Using the US example, V_phase is 208V and I_phase is 24A. This leads to the overall 3-phase power to be 8646W (√3 x 208V x 24A) or 8.6kW. There lies the biggest advantage for using 3-phase systems. Adding 2 sets of coils and wires (ignoring the neutral wire), we’ve turned a generator that can produce √3 or 1.7 times more power!

Dealing with 3-phase

The derivation in the section above assumes that the magnitude at all three phases is equal, but we know in practice that's not always the case. In fact, it's barely ever. We rarely have servers and switches evenly distributed across all three branches on a PDU. Each machine may have different loads and different specs, so power could be wildly different, potentially causing a dramatic phase imbalance. Having a heavily imbalanced setup could potentially hinder the PDU's available capacity.

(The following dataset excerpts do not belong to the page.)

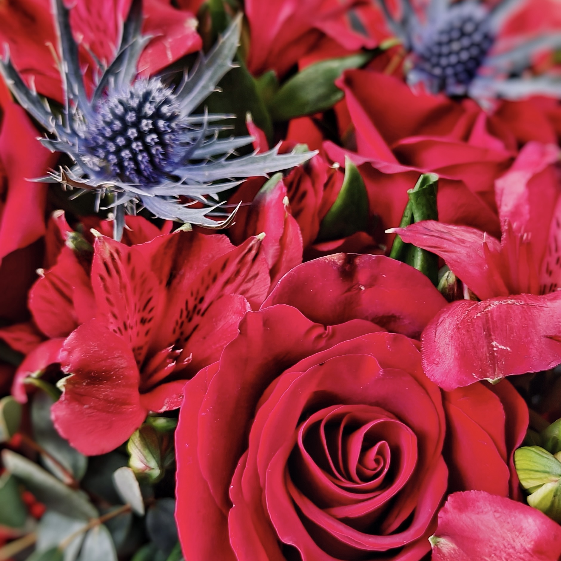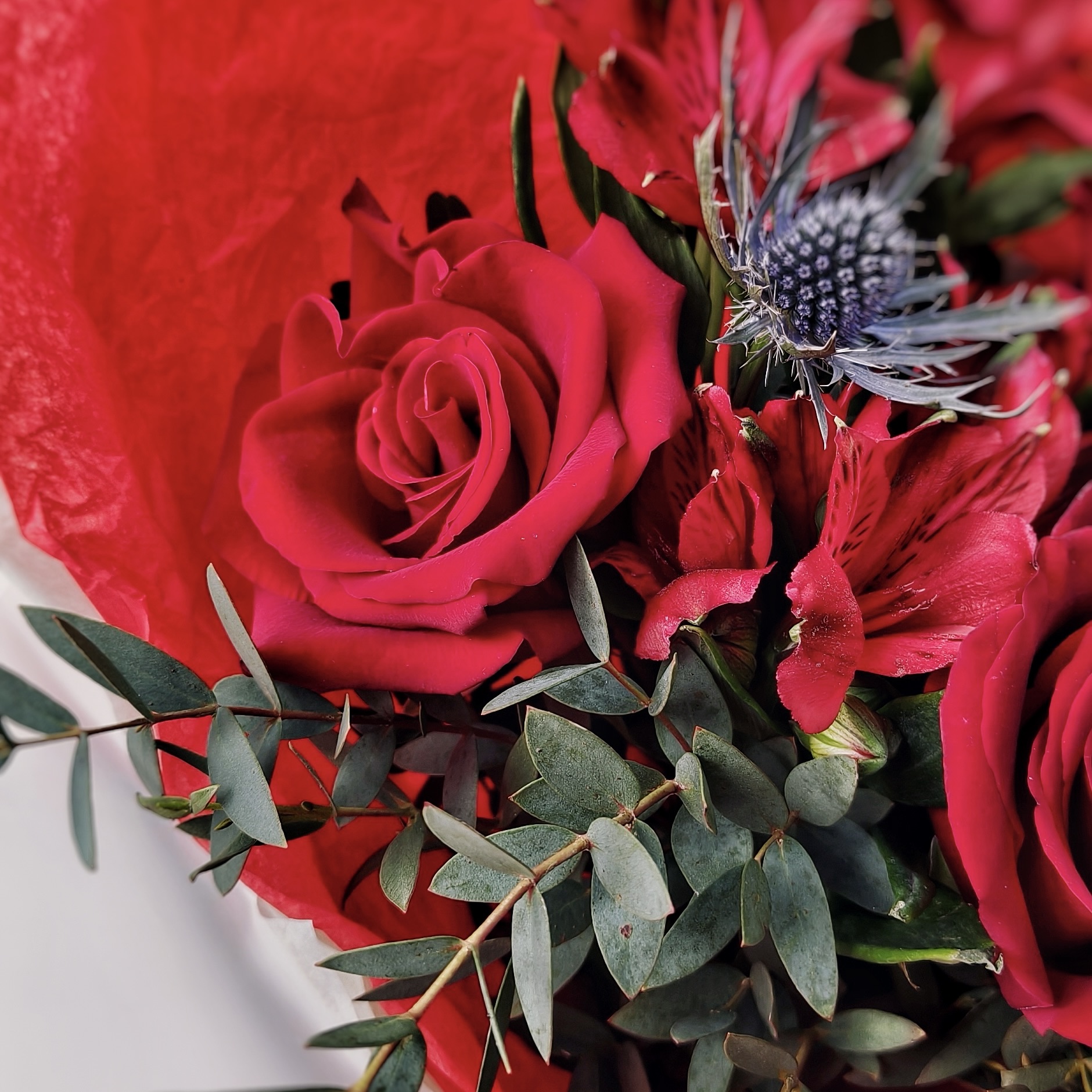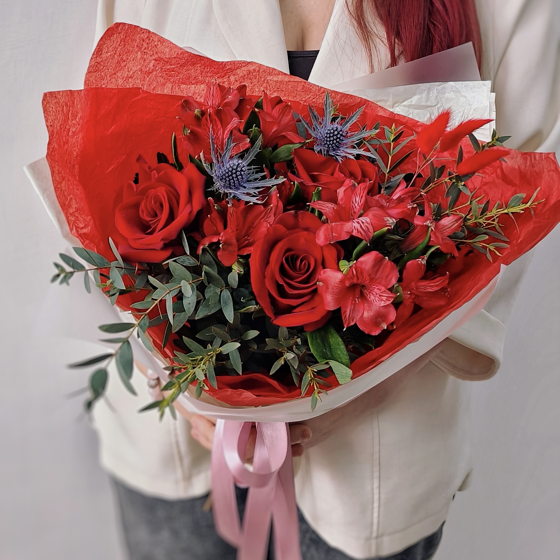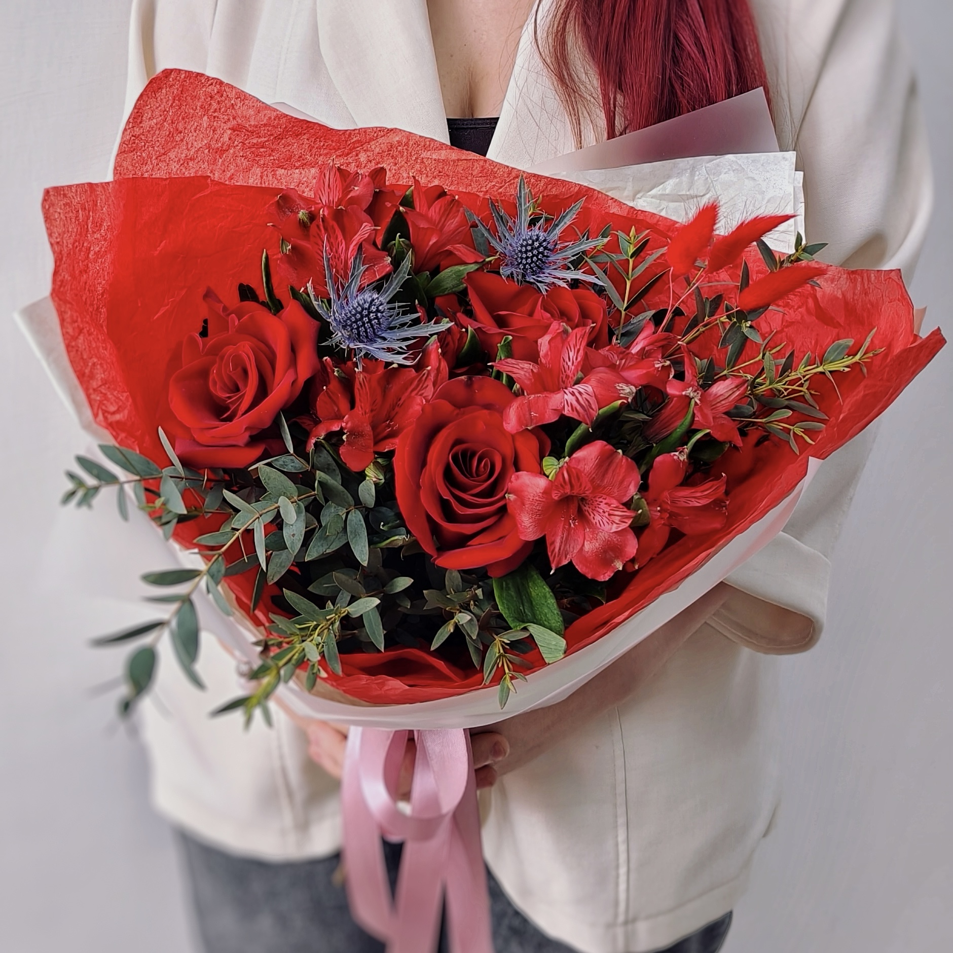 Сочетание глубоких бордовых роз, нежной альстромерии и ароматного эвкалипта создает букет, который говорит о чувствах без лишних слов.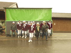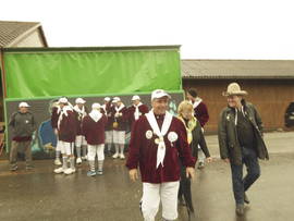 Am Frytig, 5. Februar hän d Wägeler d Traktorverschalig montiert, die letzsche Arbeite am Wage vorgnoh und unser Sprayer de Patrick het nomol Vollgas gä. ![]() No e Sonderisatz vom Cello und denn isch de Wage parat gsi. S Mittagässe hets für uns im Abiente gä. Denn isch es so wit gsi. D Sponsore, Gönner und Passivmitglieder hän sich langsam aber sicher igfunde. Bi däm früehligshafte Wätter het mer gärn verusse gwartet und d Sunneschtrahle gnosse. De René het si Asproch ghalte und de Isatz vo allne Hälfer vor während und noch de Fasnacht verdangt. Au d Sabine het d Asproch für d'Spezi Binggis ghalte und s Sujet 2016 bekannt gä. Am Sunntigmorge isch es no drogge gsi. De Wätterbrincht het aber nur Hudelwätter agsäit gha. Bim Waagelade het sich am Horizont aber öbbis zämebraut. Kum sin mir fertig gsi mit Waagelade, het's agfange rägne. Bim Alisi und de Erika hets bi uns traditionsgemäss e Apéro und zur Stärkig für d Fasnacht s Mittagässe für d Wägeler und d "Velöli-Fahrer" gä. Me het schö bim Mittagässe chönne erahne, dass die Alti Garda uf ihre Drohtesel wohrschinlig nit de Bescht Daag usgsuecht hän... Do e paar Erinnerigs-Foto und denn isch es ans Ischto gange. No het's grägnet! Sogar unseri Sujet-Buebe hän mir bim Ischtoh atroffe. Si hän unser Sujet mit e me polizeilich-wohlwollende Lächle zur Kenntnis gnoh. Wie me de Bilder vom Umzug agseht, het de Petrus e Iseh gha. Püngdlig uf die halbi drei het är d Schleuse gschlosse und mir hän e troggene Umzug dörfe gniesse. So lang wie's gange isch bis d Fansacht ko isch, so schnäll isch de Umzug au scho wieder ume gsi. Mir hän unsere Wage parat gmacht, usegwüscht und de Benji het unseri neui Bar chönne iweihe. De Benji isch i sim Elemänt gsi. Es git doch nüt schöners als Gyn-Tonic usschängge oder?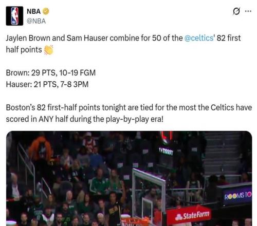 第二節拿下52分讓凱爾特人半場轟下82分,不僅創造本賽季球隊上半場得分紀錄,也是引進實時解說以來凱爾特人隊史半場最高得分紀錄。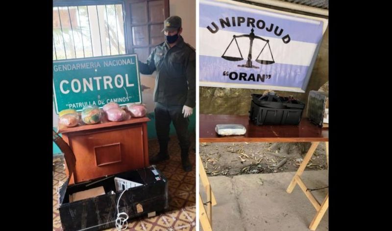 Consecuentemente, los funcionarios constataron que en el interior de los bultos había un artefacto de cocina y un dispenser de agua que contenían dos “panes” rectangulares, con 2 kilos 108 gramos de clorhidrato de cocaína, como así también paquetes con 7 kilos 940 gramos de “cannabis sativa” y 36 gramos de pasta base de cocaína.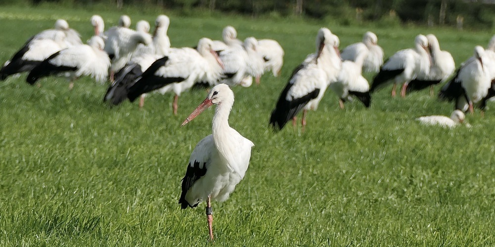 Am Samstagnachmittag war auf einem Acker in Oberriet zu beobachten, dass sich eine grosse Formation von Weissstörchen auf ihrem Weg Richtung Afrika zu einer Flugpause niederliess.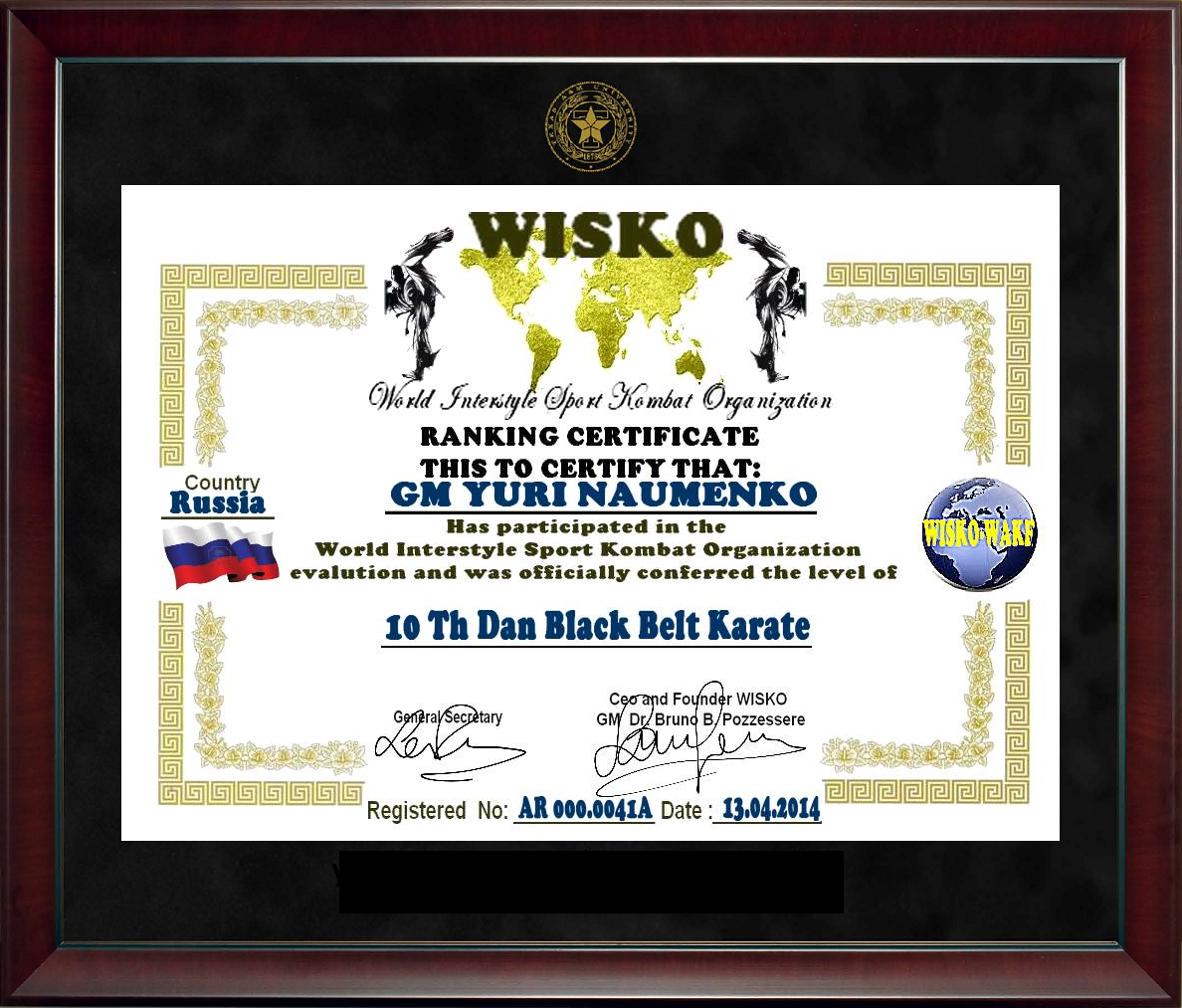 President of the WAKF, 宗家 Grand Master Dzyudan ABSOLUTE KARATE 10 - th black belt degree 絶対空手

A perfectly balanced and fully utilized PDU at 8.6kW means that each of its three branches has 2.88kW of power consumed by machines. Laid out simply, it's spread 2.88 + 2.88 + 2.88. This is the best case scenario. If we were to take 1kW worth of machines out of one branch, spreading power to 2.88 + 1.88 + 2.88. Imbalance is introduced, the PDU is underutilized, but we're fine. However, if we were to put back that 1kW into another branch — like 3.88 + 1.88 + 2.88 — the PDU is over capacity, even though the sum is still 8.6kW. In fact, it would be over capacity even if you just added 500W instead of 1kW on the wrong branch, thus reaching 3.18 + 1.88 + 2.88 (8.1kW).

That's because a 8.6kW PDU is spec'd to have a maximum of 24A for each phase current. Overloading one of the branches can force phase currents to go over 24A. Theoretically, we can reach the PDU’s capacity by loading one branch until its current reaches 24A and leave the other two branches unused. That’ll render it into a 1-phase PDU, losing the benefit of the √3 multiplier. In reality, the branch would have fuses rated less than 24A (usually 20A) to ensure we won't reach that high and cause overcurrent issues. Therefore the same 8.6kW PDU would have one of its branches tripped at 4.2kW (208V x 20A).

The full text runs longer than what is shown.